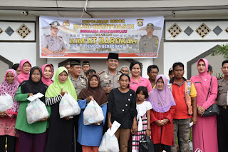 Tak hanya itu, kegiatan jumat barokah ini, tidak hanya dilakukan oleh personil polri tapi juga mengikut sertakan ibu Bayangkari dalam setiap kegiatan dalam membagikam sembako kepada masyarakat dan para tukang ojek dan kaum duafa.
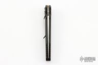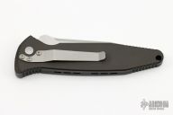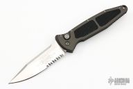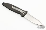This Mini Socom Auto by Microtech Knives features a hand rub satin finished clip point blade with partial serrations, swedge and notched thumbrest. Black aluminum frame with nonslip inserts, tip down bead blasted stainless steel clip. Nice lock up and blade seating. Comes with original box, papers and sheath. The satin finish was done by G. Brend, Walter Breden's daughter.  Excellent condition.
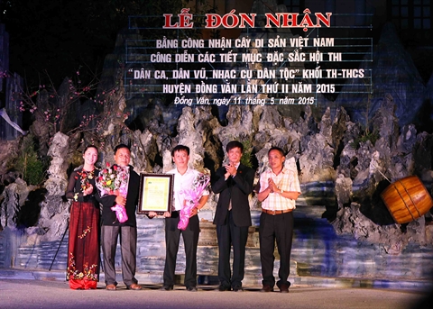 | Cérémonie de remise de certificat reconnaissant des banians du hameau de Thiên Huong, district de Dông Van, en tant qu’"Arbre patrimonial du Vietnam", le 11 mai dans la province de Hà Giang (Nord). |
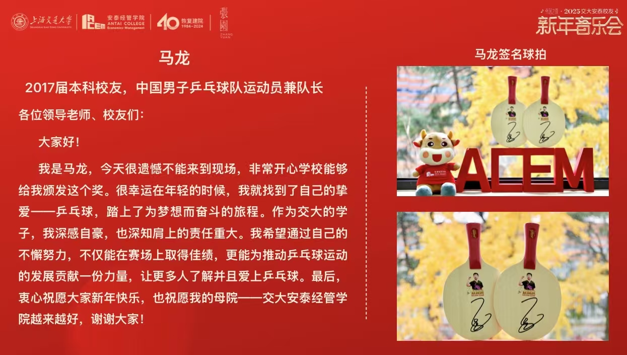 今年是奥运年,本年度个人成就奖获得者、交大安泰2017届本科校友、中国男子乒乓球队运动员马龙发来获奖感言,并向学院赠送签名球拍,祝愿学院越来越好。

**WORK TO COMPLETE:** Please output the listing above in full, exactly as given, without its images.

**RESULT FOR THIS TASK:**
 Tak hanya itu, kegiatan jumat barokah ini, tidak hanya dilakukan oleh personil polri tapi juga mengikut sertakan ibu Bayangkari dalam setiap kegiatan dalam membagikam sembako kepada masyarakat dan para tukang ojek dan kaum duafa.
This Mini Socom Auto by Microtech Knives features a hand rub satin finished clip point blade with partial serrations, swedge and notched thumbrest. Black aluminum frame with nonslip inserts, tip down bead blasted stainless steel clip. Nice lock up and blade seating. Comes with original box, papers and sheath. The satin finish was done by G. Brend, Walter Breden's daughter.  Excellent condition.
 | Cérémonie de remise de certificat reconnaissant des banians du hameau de Thiên Huong, district de Dông Van, en tant qu’"Arbre patrimonial du Vietnam", le 11 mai dans la province de Hà Giang (Nord). |
 今年是奥运年,本年度个人成就奖获得者、交大安泰2017届本科校友、中国男子乒乓球队运动员马龙发来获奖感言,并向学院赠送签名球拍,祝愿学院越来越好。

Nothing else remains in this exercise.